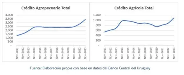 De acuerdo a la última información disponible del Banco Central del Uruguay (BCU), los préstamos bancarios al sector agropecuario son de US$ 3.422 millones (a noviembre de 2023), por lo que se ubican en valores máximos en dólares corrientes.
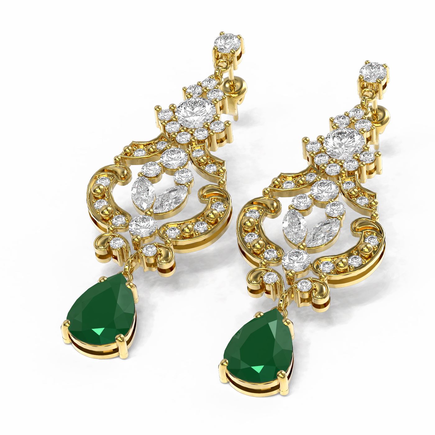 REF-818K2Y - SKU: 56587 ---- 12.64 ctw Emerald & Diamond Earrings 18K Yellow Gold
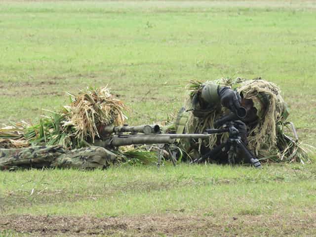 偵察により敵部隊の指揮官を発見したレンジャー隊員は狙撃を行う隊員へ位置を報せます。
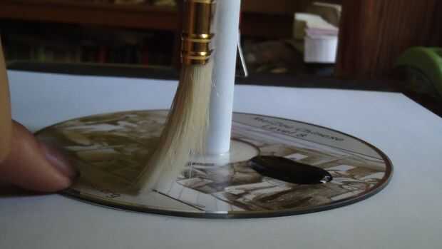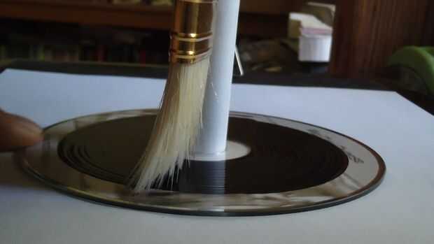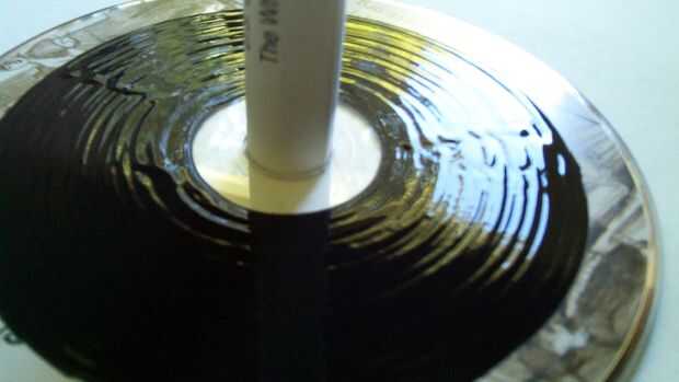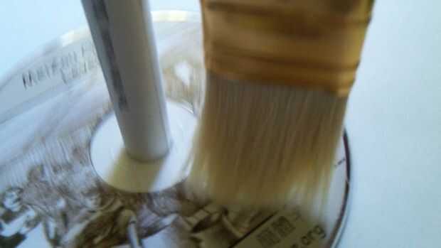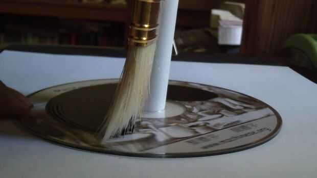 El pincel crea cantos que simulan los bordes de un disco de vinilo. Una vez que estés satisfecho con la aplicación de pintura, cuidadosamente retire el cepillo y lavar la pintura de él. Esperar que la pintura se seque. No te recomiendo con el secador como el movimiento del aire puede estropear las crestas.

= = = = =

- [Assignment]:
Type the listing above out again exactly, and omit all pictures.

- [Task answer]:
 De acuerdo a la última información disponible del Banco Central del Uruguay (BCU), los préstamos bancarios al sector agropecuario son de US$ 3.422 millones (a noviembre de 2023), por lo que se ubican en valores máximos en dólares corrientes.
 REF-818K2Y - SKU: 56587 ---- 12.64 ctw Emerald & Diamond Earrings 18K Yellow Gold
 偵察により敵部隊の指揮官を発見したレンジャー隊員は狙撃を行う隊員へ位置を報せます。
 El pincel crea cantos que simulan los bordes de un disco de vinilo. Una vez que estés satisfecho con la aplicación de pintura, cuidadosamente retire el cepillo y lavar la pintura de él. Esperar que la pintura se seque. No te recomiendo con el secador como el movimiento del aire puede estropear las crestas.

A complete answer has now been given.